You mean lower gears, not higher. 

I don't know what the shop is talking about, since there is no ring smaller than 33 teeth that will go on a crank with that 110mm bolt circle diameter.

You'd get a bigger change in gearing if you got a cassette with 32.

If 34x28 is really not low enough for you to climb your hills safely, maybe you should consider a triple. That's what I'd do.


----------



## ericm979 (Jun 26, 2005)

Yep 33t is the smallest that fits 110mm BCD. And it does not fit all cranks. If the crank arms are long then the chain will hit them.

You can go to 32t cassette but you'll need a Shimano 9sp MTB derailleur for your 10sp Ultegra. (10sp MTB derailleurs use a different cable pull). A 6800A derailleur which is spec'd for 30t max MAY work. I've been able to push other Shimano derailleurs past their max cog spec but it depends on your frame's hanger.


----------



## ngl (Jan 22, 2002)

The triple is a good idea, but, will cost you some money for shifters and crank. You can always sell your existing stuff to recoup some of the cost. 

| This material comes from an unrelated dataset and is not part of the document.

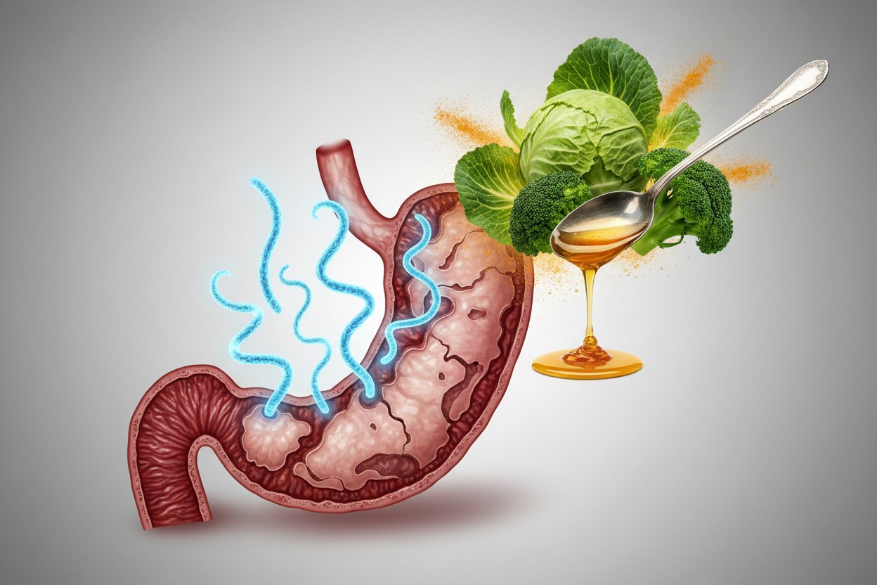 [1]. Cruciferous vegetables like cauliflower, cabbage, and broccoli are cited for naturally combating H. pylori

Is it possible to install an 11-32 with the short cage derailleur with adjustments (ever though Shimano says no)? I have not tried it. Otherwise invest in an 11-32 cassette and new long cage derailleur and sell you old stuff. 

Most importantly do what must to SAVE YOUR KNEES.


----------



## cxwrench (Nov 9, 2004)

ngl said:


> The triple is a good idea, but, will cost you some money for shifters and crank. You can always sell your existing stuff to recoup some of the cost.
> 
> Is it possible to install an 11-32 with the short cage derailleur with adjustments (ever though Shimano says no)? I have not tried it. Otherwise invest in an 11-32 cassette and new *long cage derailleur* and sell you old stuff.
> 
> Most importantly do what must to SAVE YOUR KNEES.


Just to be clear, it's not just the long cage that makes things work. The derailleur must have the proper geometry to clear the big cog. That's why Shimano makes a 'mid' cage derailleur that works w/ a 30. Whether or not the mid cage works w/ a 32t cog totally depends on the individual frame. If the hanger is slightly long, it might work. If it's a short-ish hanger it won't work.


----------



## Lombard (May 8, 2014)

Changing to a triple would be prohibitively expensive.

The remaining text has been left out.